◆ WHAT IS NEEDED: The answer must reproduce every record exactly, with all pictures omitted.

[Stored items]
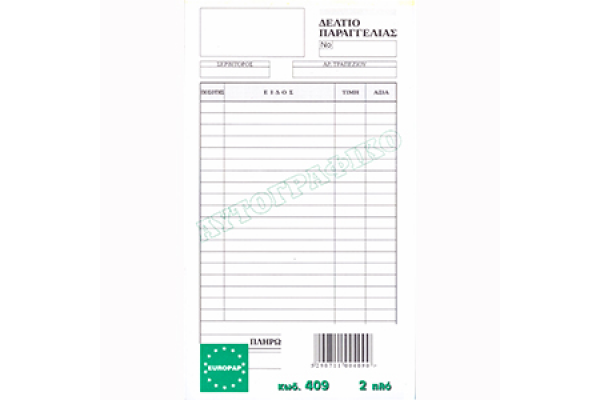 ΔΕΛΤΙΟ ΠΑΡΑΓΓΕΛΙΑΣ ΕΣΤΙΑΤΟΡΙΟΥ
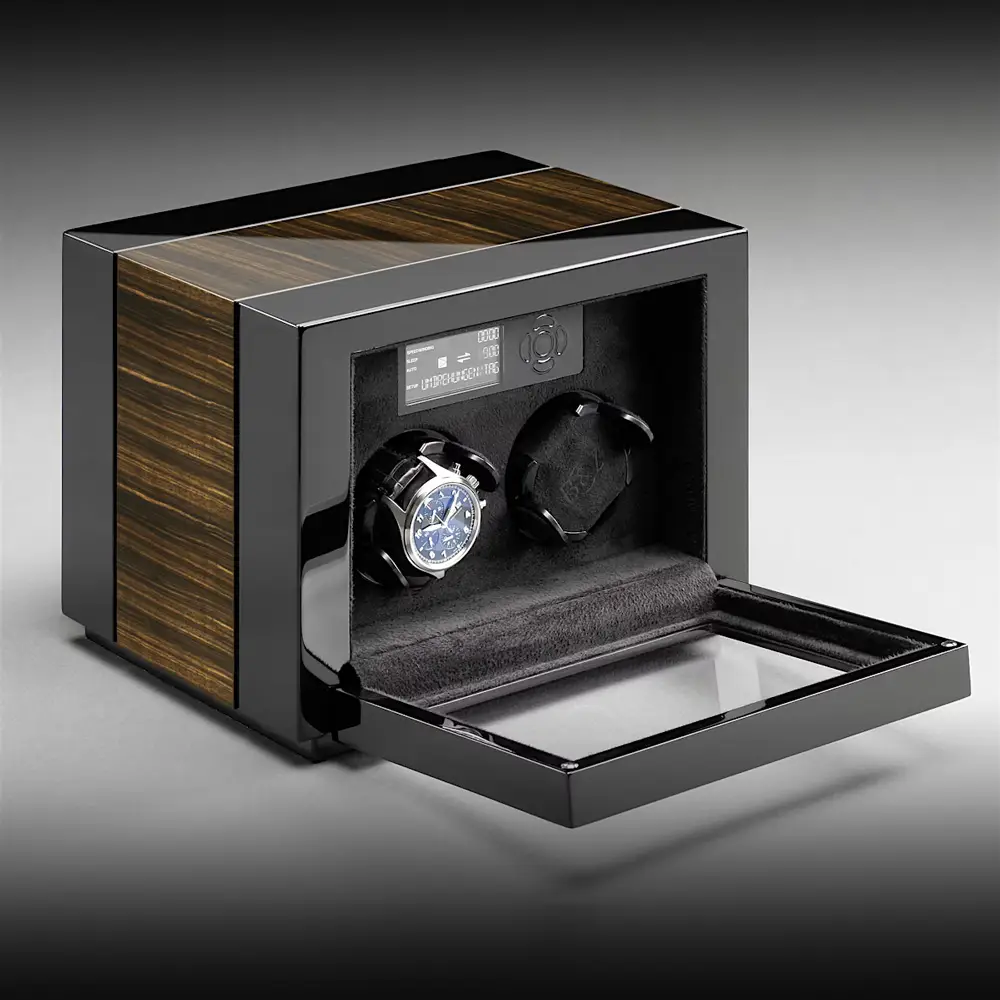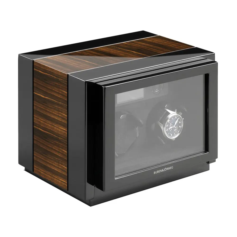 Buben & Zorweg VANTAGE 2 Macassar 上链盒完美结合了德国精密工程与永恒奢华。此款独家型号可容纳 两枚自动腕表,采用高光 黑色钢琴漆 搭配 马卡萨木饰面,展现优雅而精致的设计。前方 安全玻璃盖 让腕表得以优雅展示,而 安全锁系统 与柔软 天鹅绒内衬 提供极致保护与舒适收藏空间。
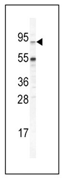 Western blot analysis of ABCG1 Antibody (Center) in 293 cell line lysates (35 μg/lane). ABCG1 (arrow) was detected using the purified pAb.
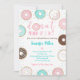 Este convite apresenta rosquinhas cor-de-rosa e azuis bonitas.
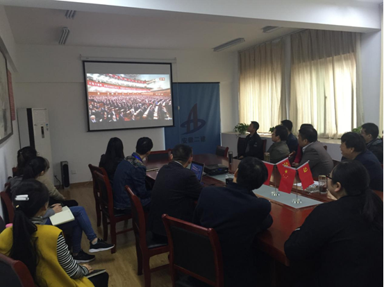 10月18日上午9時,四分公司機關干部職工在會議室集中收看黨的十九大開幕式,認真聆聽習近平同志所作的十九大報告。
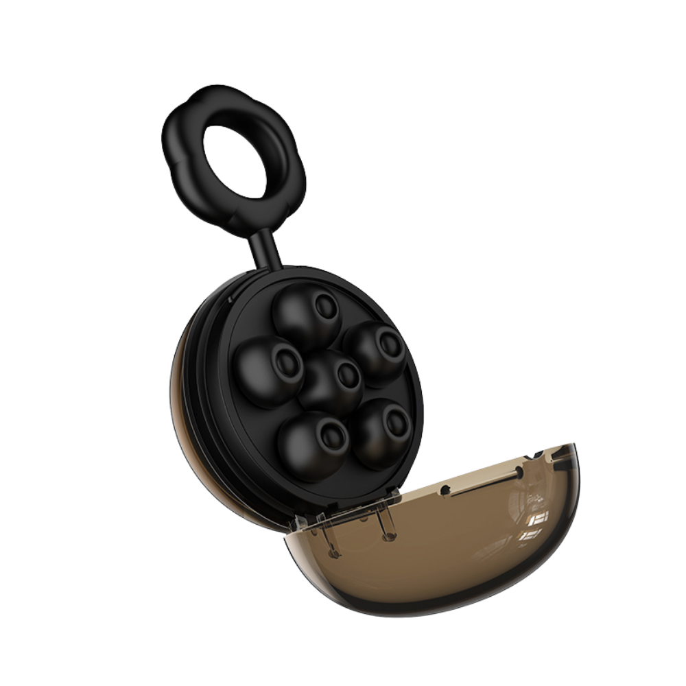 - 3 pairs of noise-canceling silicone earplugs (sizes S, M, L)

◆ EXERCISE RESPONSE:
 ΔΕΛΤΙΟ ΠΑΡΑΓΓΕΛΙΑΣ ΕΣΤΙΑΤΟΡΙΟΥ
 Buben & Zorweg VANTAGE 2 Macassar 上链盒完美结合了德国精密工程与永恒奢华。此款独家型号可容纳 两枚自动腕表,采用高光 黑色钢琴漆 搭配 马卡萨木饰面,展现优雅而精致的设计。前方 安全玻璃盖 让腕表得以优雅展示,而 安全锁系统 与柔软 天鹅绒内衬 提供极致保护与舒适收藏空间。
 Western blot analysis of ABCG1 Antibody (Center) in 293 cell line lysates (35 μg/lane). ABCG1 (arrow) was detected using the purified pAb.
 Este convite apresenta rosquinhas cor-de-rosa e azuis bonitas.
 10月18日上午9時,四分公司機關干部職工在會議室集中收看黨的十九大開幕式,認真聆聽習近平同志所作的十九大報告。
 - 3 pairs of noise-canceling silicone earplugs (sizes S, M, L)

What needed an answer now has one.